Aos 14-15 anos fiz um filme em Super 8 com uma colega do liceu. Aprendi muito a fazer este filme. Gostei de pensar no filme e gostei sobretudo de fazer a montagem. Os meus poemas, estas crónicas, quase tudo o que faço na vida é montagem. Uma sequência de fragmentos colados uns aos outros. A fazer a montagem descobri que podia raspar a película nas zonas em que estava preta e colorir com canetas de feltro. Fazia assim desenhos animados, era aleatório e abstracto. Gostava de usar canetas azuis e verdes exclusivamente.

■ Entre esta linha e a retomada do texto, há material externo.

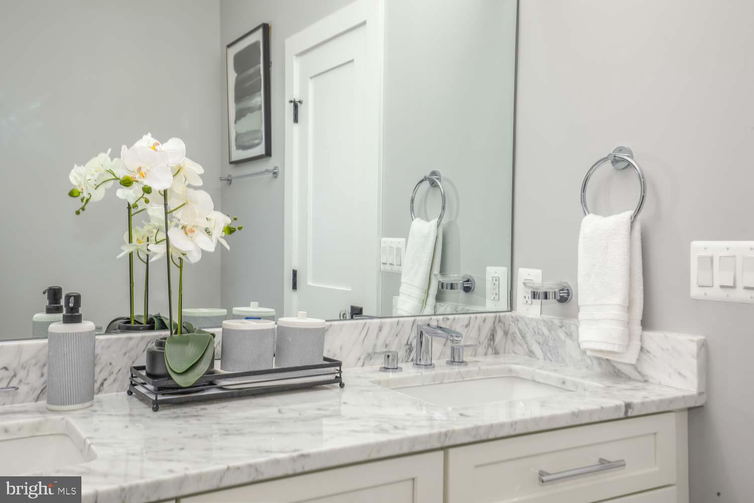The 2nd floor has two guest bedrooms sharing a full bath, plus an expansive primary suite w/ a full ensuite bathroom with striking walk-in shower & lots of closet space. **ALL Bathrooms are Carrara Marble .. so beautiful!
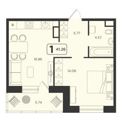 Продаётся 1-комнатная квартира в строящемся доме (ГП-4), срок сдачи: IV-кв. 2027, общей площадью 41.26 кв.м., на 9 этаже. Расположение, транспортная доступность
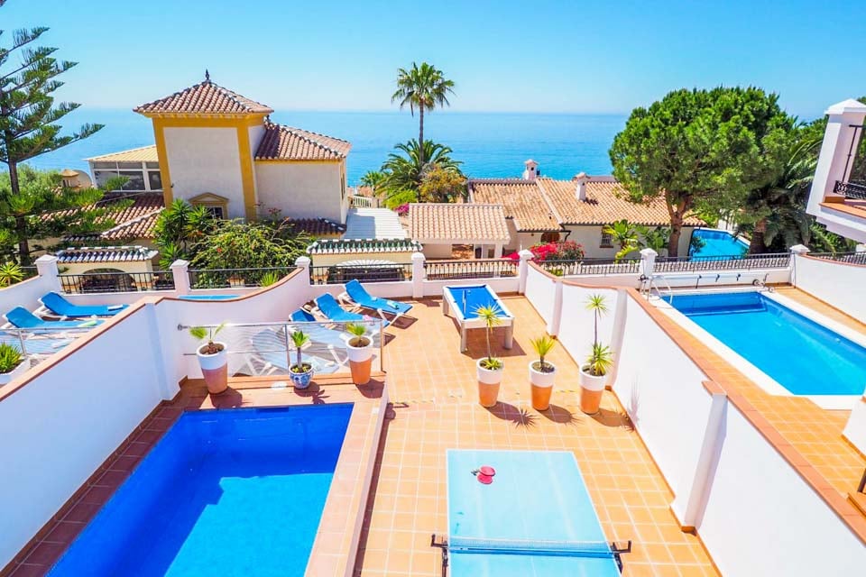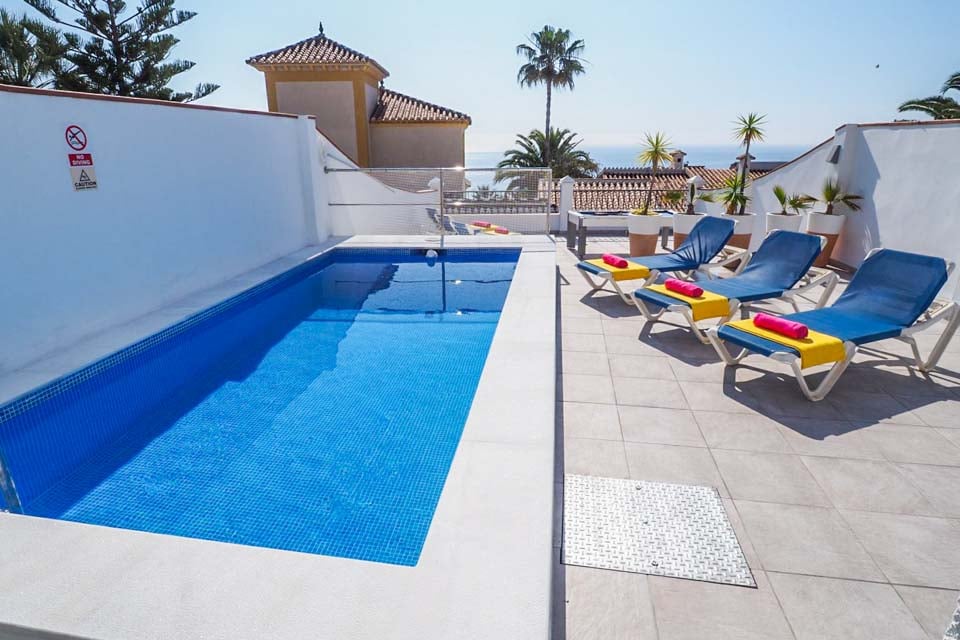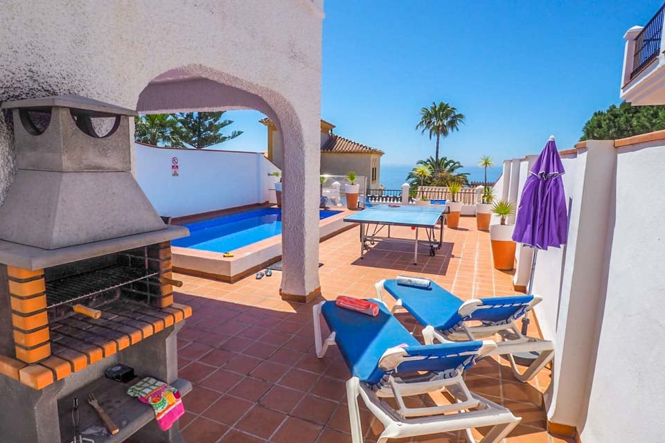 Denna förtjusande fastighet är idealisk för både grupper och familjer. Burriana-stranden, med sina många barer och restauranger, ligger bara en kort promenad bort och Nerjas centrum ligger cirka 30 minuter bort till fots (5 min). köra). Det finns en regelbunden busstrafik till Nerjas centrum som avgår från nära villan. Fastigheten nås via några trappsteg till en entréhall. Härifrån leder en kort trappa upp till översta våningen där finns en garderob/toalett, vardagsrum/matsal och ett fullt utrustat kök. Det rymliga vardagsrummet har en vedeldad spis och det finns altandörrar som leder ut till en stor terrass med underbar utsikt över havet och kusten. Köket är fullt utrustat med ugn, spishäll, kyl och frys, mikrovågsugn och tvättmaskin samt elektriska apparater som brödrost, kaffebryggare och vattenkokare. Möblerna är av god standard i modern stil. Nere från entrén finns 3 sovrum, varav 2 tvåbäddsrum som delar ett komplett badrum och ett dubbelrum med eget badrum. Från dubbelrummet öppnas altandörrar mot poolen och dess terrass. Faciliteterna i Villa Dos Ardillas inkluderar tvättmaskin, diskmaskin, värdeskåp*, satellit-TV och gratis wifi.

No meu filme uma boneca era destruída. Hoje seria incapaz de fazer uma coisa destas. Faria um filme em que a boneca não fosse destruída e ainda uma criança pudesse brincar com ela. Detesto destruir. Jean-Marie Straub, no Instituto Alemão, tirou um retrato ao lado de um retrato de Bach. Quis ficar na fotografia a fumar. Acendeu um cigarro e só o fumou enquanto lhe tiraram a fotografia. Depois deitou fora o cigarro quase inteiro. Eu achei isto um desperdício, uma coisa fútil e vaidosa. Mas o cinema e as outras artes são muito isto. Num filme desperdiçam-se bonecas, cigarros etc. Desperdiçam-se? Não quero ser demagógica.

Agustina Bessa-Luís escreveu que Vieira da Silva pintava quadradinhos muito pequeninos para os quadros resistirem mais, durarem mais, para o óleo não estalar tanto. Não é uma questão de ser poupada, é uma preocupação ecológica.

Hoje acho que, se me quiserem tirar um retrato, apareço a fumar e, se não me apetecer acabar de fumar o cigarro, faço como Jean-Marie Straub, deito fora o cigarro. Mas a boneca não destruo. Faço outros filmes.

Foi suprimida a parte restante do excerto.